## Assignment
Retype only the lines below from the one with "Балмора 100% реальные" to the one with "using Microsoft.Xrm.Sdk;Impostare la", inclusive, skipping every image.

## Exercise input
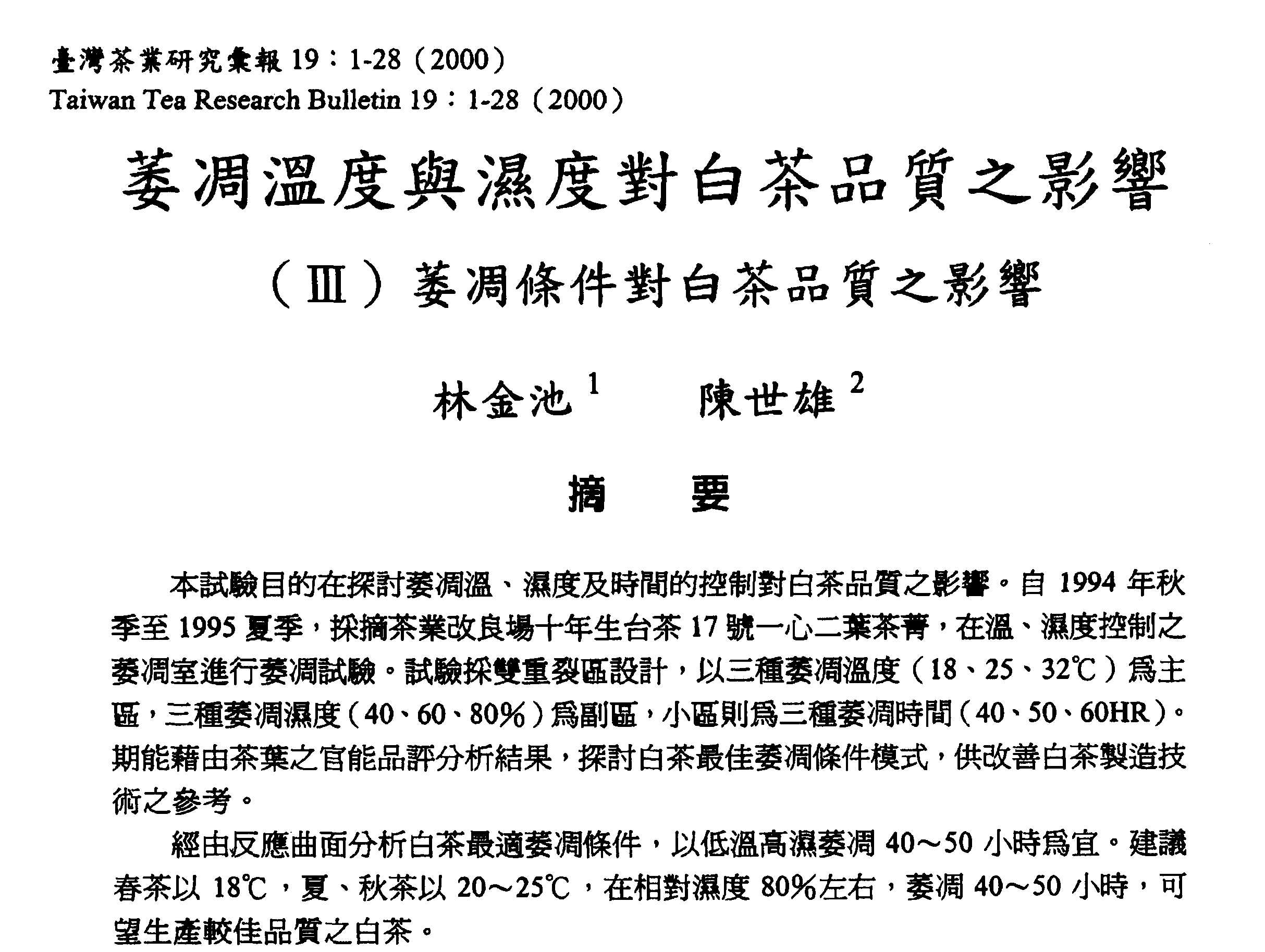 圖為刊載於臺灣茶業研究彙報19卷,由林金池與陳世雄共同發表之「萎凋溫度與濕度對白茶品質之影響(Ⅲ)萎凋條件對白茶品質之影響」研究論文。
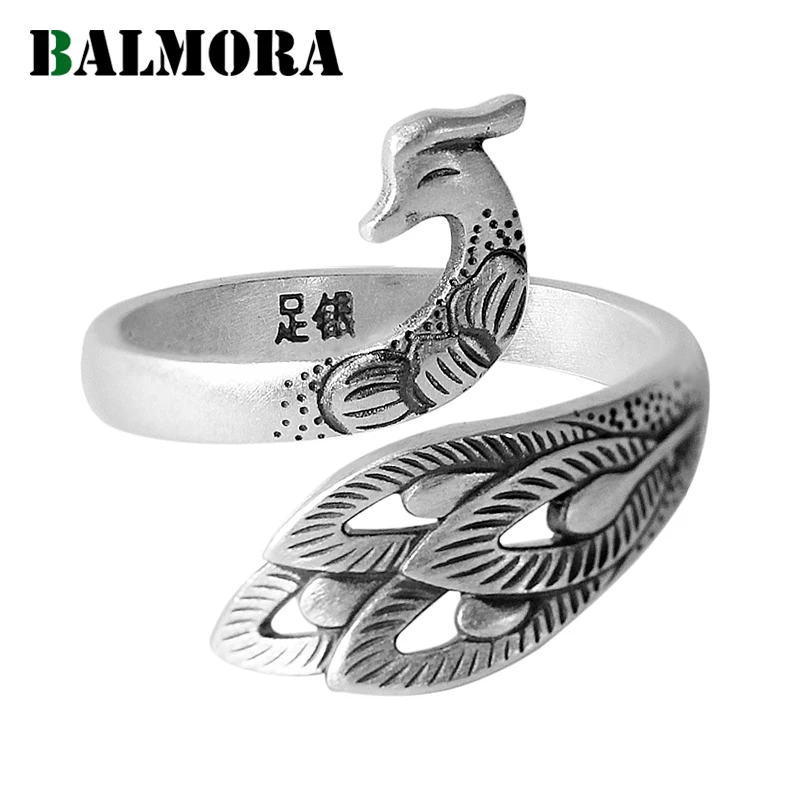 Балмора 100% реальные 990 чистого серебра Феникс Открытые Кольца для Для женщин вечерние подарки Винтаж тайский серебряное кольцо животных ...
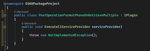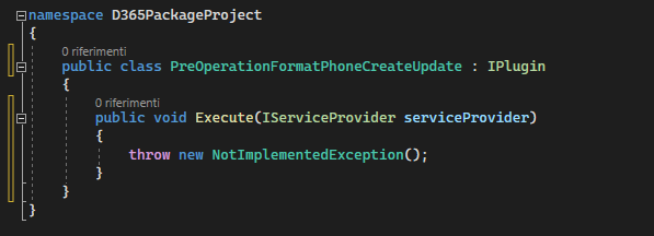 using Microsoft.Xrm.Sdk;Impostare la classe come pubblica e implementare l'interfaccia IPlugin.
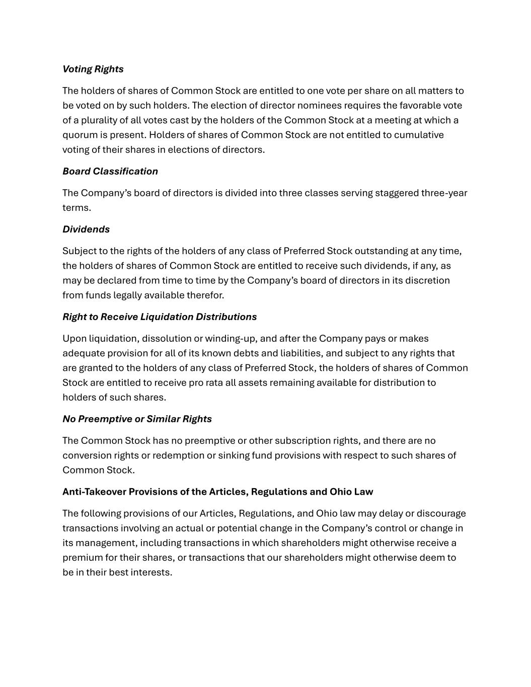 Voting Rights The holders of shares of Common Stock are entitled to one vote per share on all matters to be voted on by such holders. The election of director nominees requires the favorable vote of a plurality of all votes cast by the holders of the Common Stock at a meeting at which a quorum is present. Holders of shares of Common Stock are not entitled to cumulative voting of their shares in elections of directors. Board Classification The Company’s board of directors is divided into three classes serving staggered three-year terms. Dividends Subject to the rights of the holders of any class of Preferred Stock outstanding at any time, the holders of shares of Common Stock are entitled to receive such dividends, if any, as may be declared from time to time by the Company’s board of directors in its discretion from funds legally available therefor. Right to Receive Liquidation Distributions Upon liquidation, dissolution or winding-up, and after the Company pays or makes adequate provision for all of its known debts and liabilities, and subject to any rights that are granted to the holders of any class of Preferred Stock, the holders of shares of Common Stock are entitled to receive pro rata all assets remaining available for distribution to holders of such shares. No Preemptive or Similar Rights The Common Stock has no preemptive or other subscription rights, and there are no conversion rights or redemption or sinking fund provisions with respect to such shares of Common Stock. Anti-Takeover Provisions of the Articles, Regulations and Ohio Law The following provisions of our Articles, Regulations, and Ohio law may delay or discourage transactions involving an actual or potential change in the Company’s control or change in its management, including transactions in which shareholders might otherwise receive a premium for their shares, or transactions that our shareholders might otherwise deem to be in their best interests.
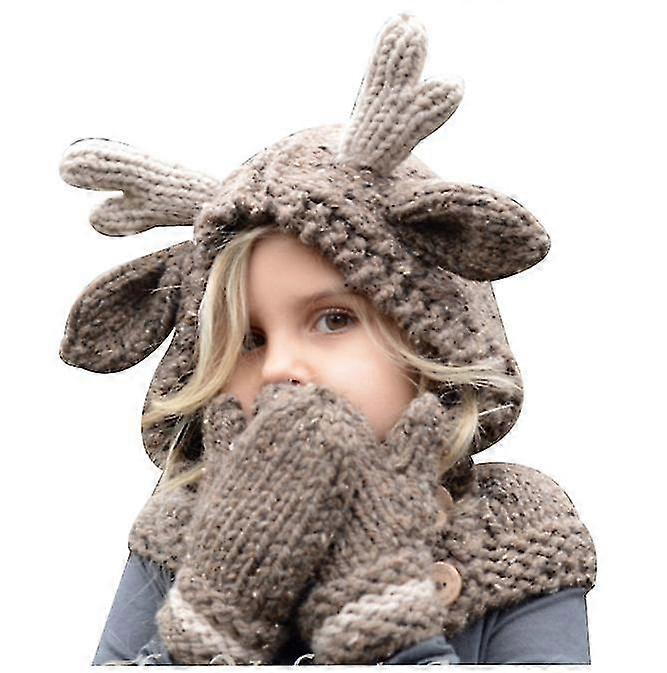 Kids Winter Elk Hat Scarf And Gloves Set Knitted Warm Beanie Cap
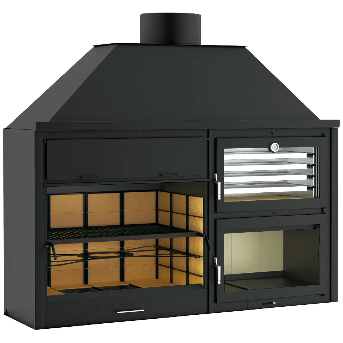 La structure est fabriquée en acier au carbone de 4 mm d'épaisseur, avec base et côtés du barbecue recouverts de briques réfractaires pour mieux conserver et répartir la chaleur. Le corps en acier laqué contribue à la protection de l'ensemble, tandis que l'intérieur du foyer de four en vermiculite améliore l'isolation thermique. Ces éléments aident à maintenir une température régulière, utile pour des cuissons homogènes et prévisibles sur la grille comme dans le four.
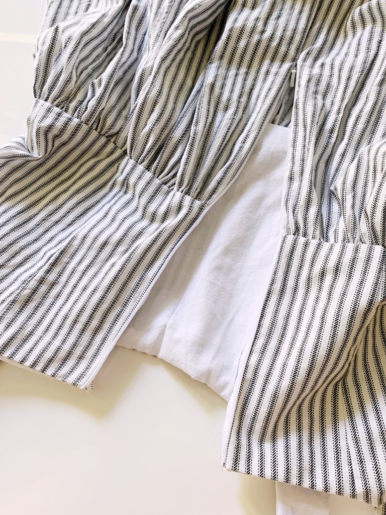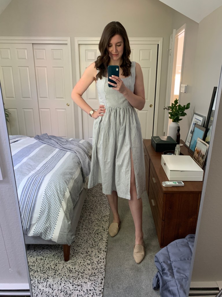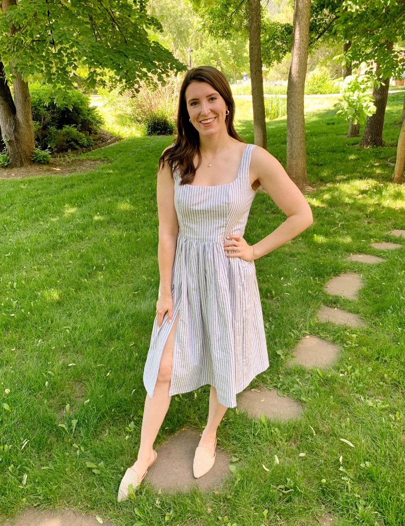 I used a cotton striped fabric perfect for hot summer days. I picture this out on the beach by the ocean, though we don’t have a trip planned for that so we just may have to now. The major customization I made on this dress was for the skirt. I cut four pieces of fabric to create a midi gathered skirt, but I made the front two different widths so I could sew in a slit at one leg.

## Answer
 Балмора 100% реальные 990 чистого серебра Феникс Открытые Кольца для Для женщин вечерние подарки Винтаж тайский серебряное кольцо животных ...
 using Microsoft.Xrm.Sdk;Impostare la classe come pubblica e implementare l'interfaccia IPlugin.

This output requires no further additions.